Entries taken from a collection
◆ ◆ ◆

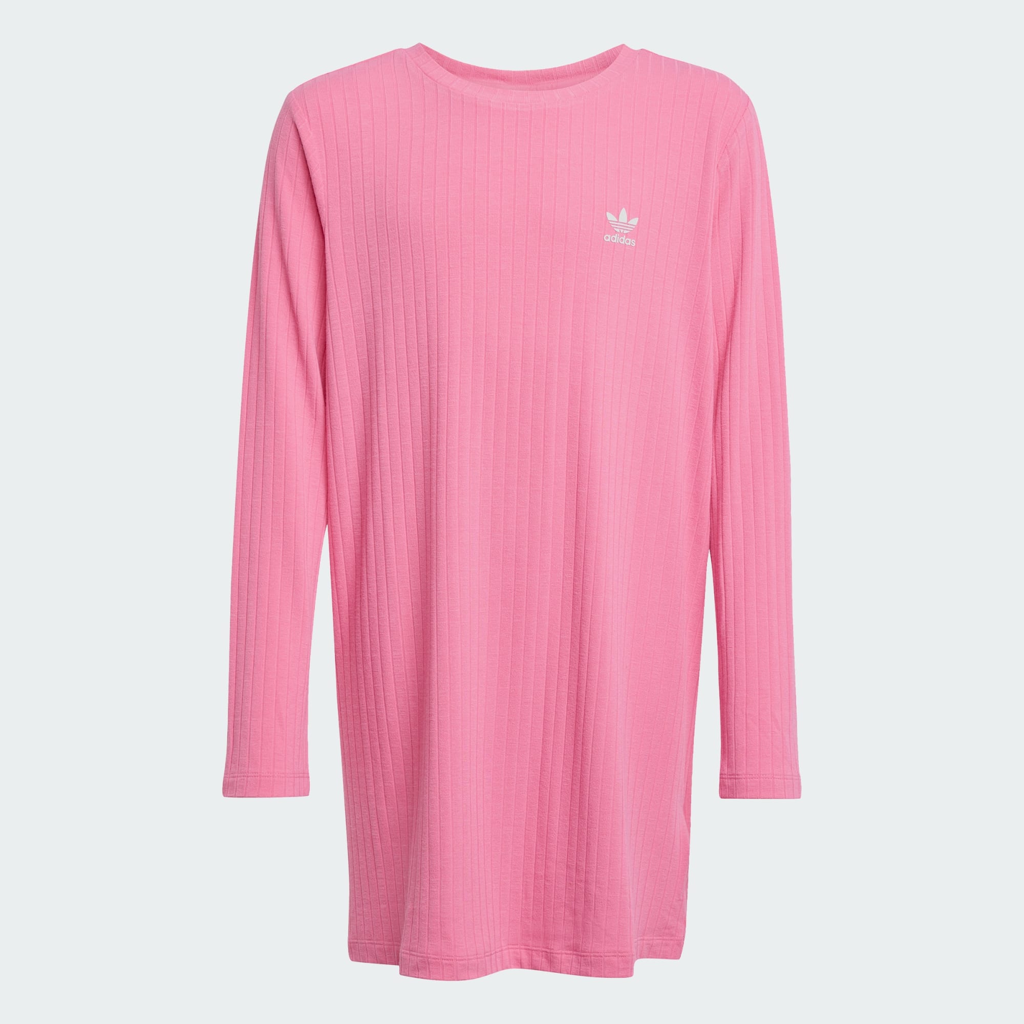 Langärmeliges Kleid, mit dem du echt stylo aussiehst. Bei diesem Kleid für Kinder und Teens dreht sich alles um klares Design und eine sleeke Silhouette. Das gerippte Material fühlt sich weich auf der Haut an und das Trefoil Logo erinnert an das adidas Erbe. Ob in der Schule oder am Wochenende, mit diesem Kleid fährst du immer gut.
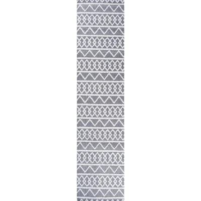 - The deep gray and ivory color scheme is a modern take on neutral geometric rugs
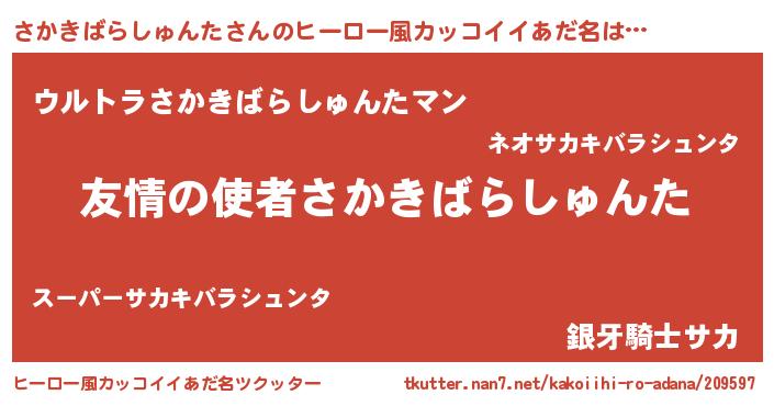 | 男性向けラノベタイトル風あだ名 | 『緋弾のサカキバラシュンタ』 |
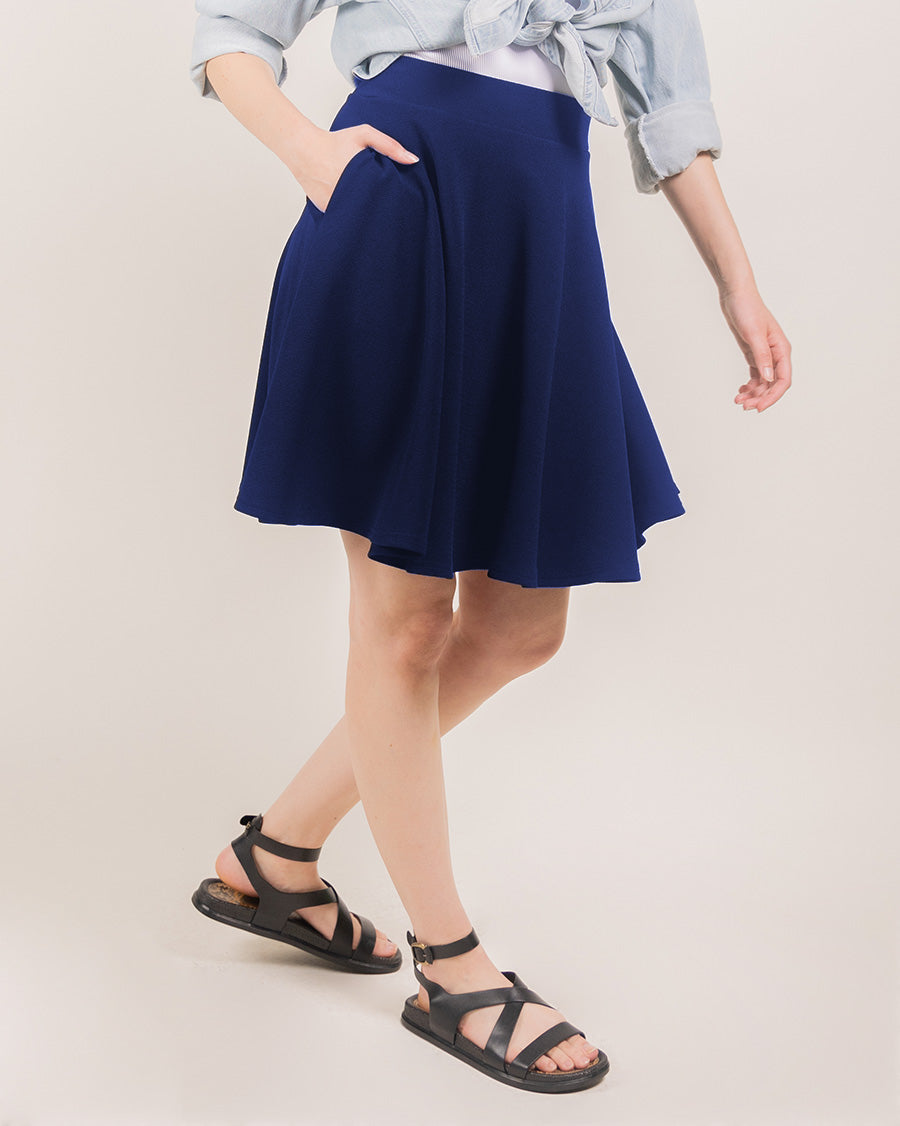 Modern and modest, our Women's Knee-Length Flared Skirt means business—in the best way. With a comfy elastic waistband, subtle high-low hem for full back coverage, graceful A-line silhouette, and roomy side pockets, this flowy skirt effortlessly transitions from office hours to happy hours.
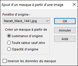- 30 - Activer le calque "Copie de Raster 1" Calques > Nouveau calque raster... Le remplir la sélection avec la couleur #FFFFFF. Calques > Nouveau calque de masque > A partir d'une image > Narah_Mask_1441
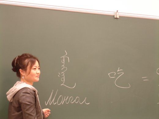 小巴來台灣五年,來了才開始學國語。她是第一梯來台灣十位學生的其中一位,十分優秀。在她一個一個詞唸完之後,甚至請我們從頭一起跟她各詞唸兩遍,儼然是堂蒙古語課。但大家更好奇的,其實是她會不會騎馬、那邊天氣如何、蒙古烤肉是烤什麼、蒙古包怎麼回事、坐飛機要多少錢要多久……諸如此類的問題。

◆ ◆ ◆

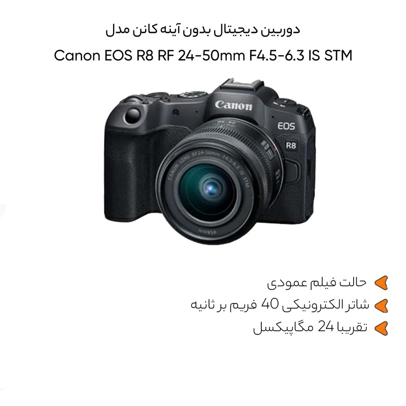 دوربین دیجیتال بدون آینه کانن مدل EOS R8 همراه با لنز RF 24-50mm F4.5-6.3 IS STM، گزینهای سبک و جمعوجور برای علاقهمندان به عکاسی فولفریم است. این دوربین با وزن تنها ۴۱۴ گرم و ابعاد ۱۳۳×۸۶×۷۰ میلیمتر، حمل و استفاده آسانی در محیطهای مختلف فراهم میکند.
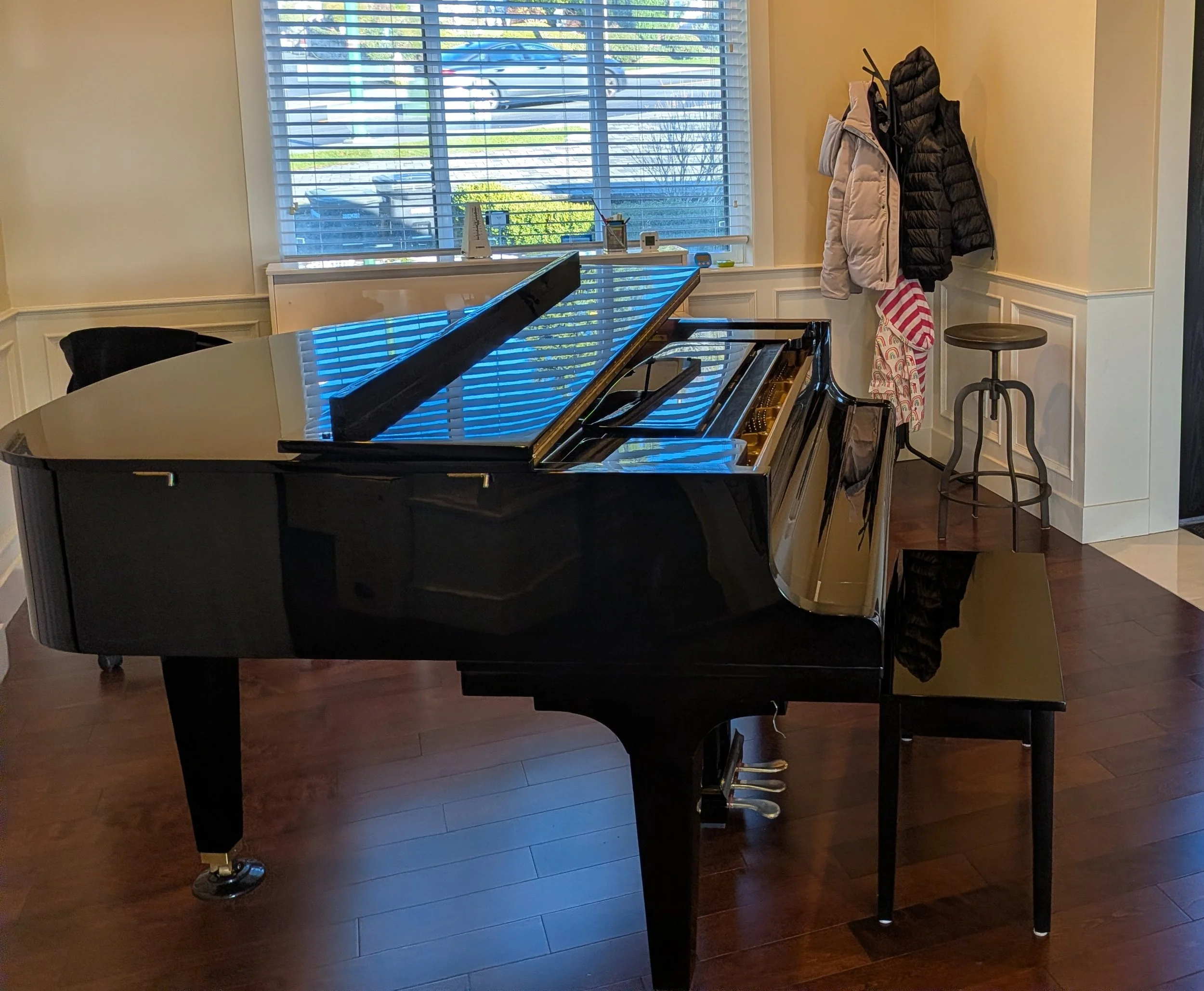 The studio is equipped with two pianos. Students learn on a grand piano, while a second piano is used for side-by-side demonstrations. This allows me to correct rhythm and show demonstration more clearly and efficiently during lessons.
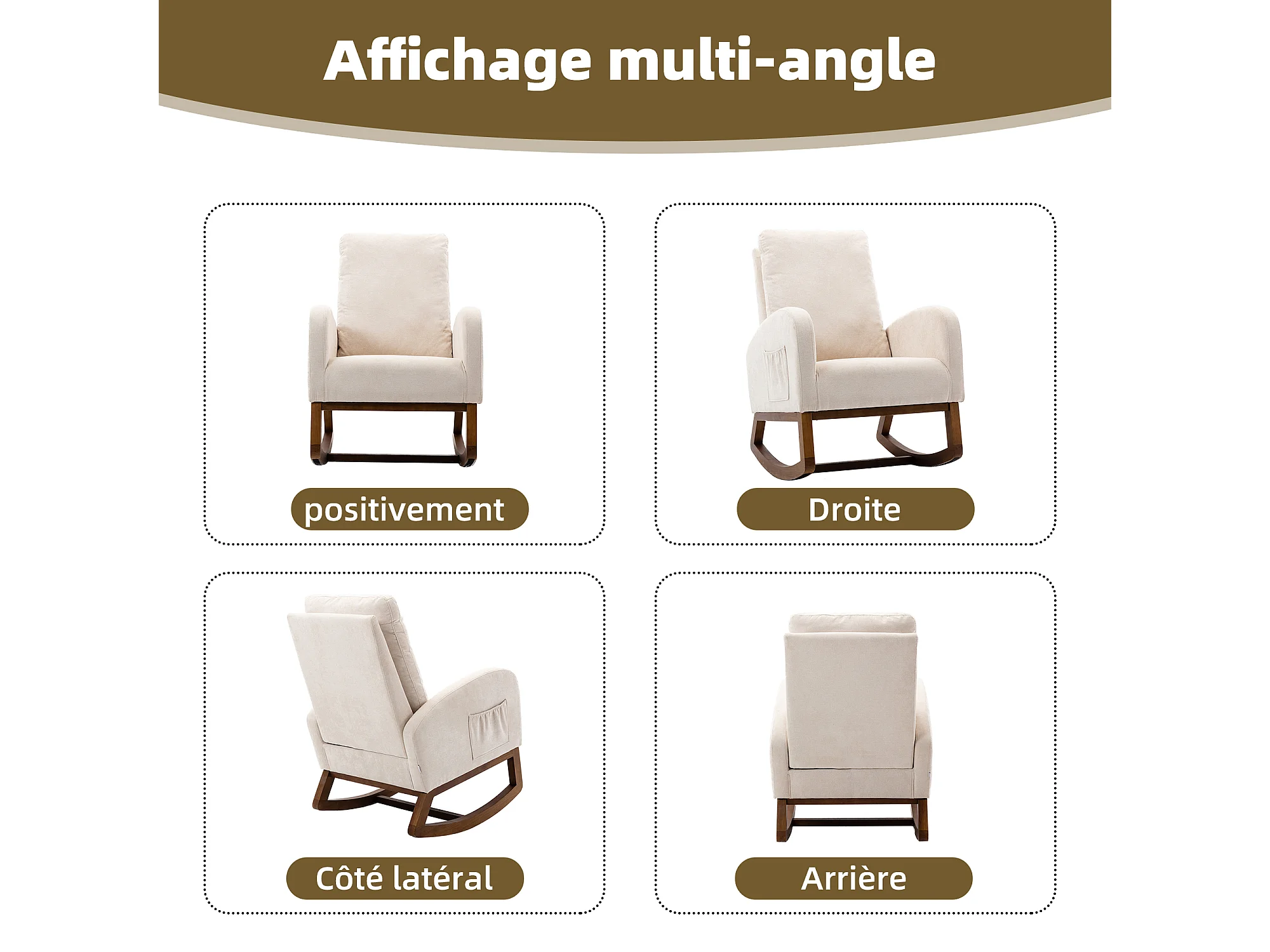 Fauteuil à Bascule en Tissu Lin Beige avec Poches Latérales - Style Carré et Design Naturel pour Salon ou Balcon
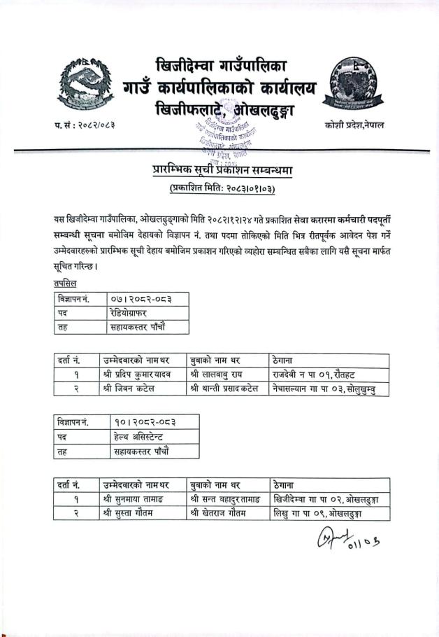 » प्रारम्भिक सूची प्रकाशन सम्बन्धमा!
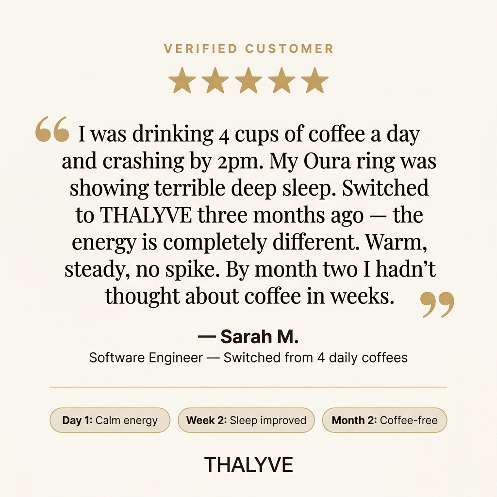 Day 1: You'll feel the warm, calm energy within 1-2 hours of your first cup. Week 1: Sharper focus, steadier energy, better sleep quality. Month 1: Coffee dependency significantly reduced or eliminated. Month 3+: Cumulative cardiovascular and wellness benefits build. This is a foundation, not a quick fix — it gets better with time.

◆ ◆ ◆

# Work task
What you return must match, character for character, the lines above from the one with "Langärmeliges Kleid, mit" through the one with "- The deep gray", minus any pictures.

# Problem solution
 Langärmeliges Kleid, mit dem du echt stylo aussiehst. Bei diesem Kleid für Kinder und Teens dreht sich alles um klares Design und eine sleeke Silhouette. Das gerippte Material fühlt sich weich auf der Haut an und das Trefoil Logo erinnert an das adidas Erbe. Ob in der Schule oder am Wochenende, mit diesem Kleid fährst du immer gut.
 - The deep gray and ivory color scheme is a modern take on neutral geometric rugs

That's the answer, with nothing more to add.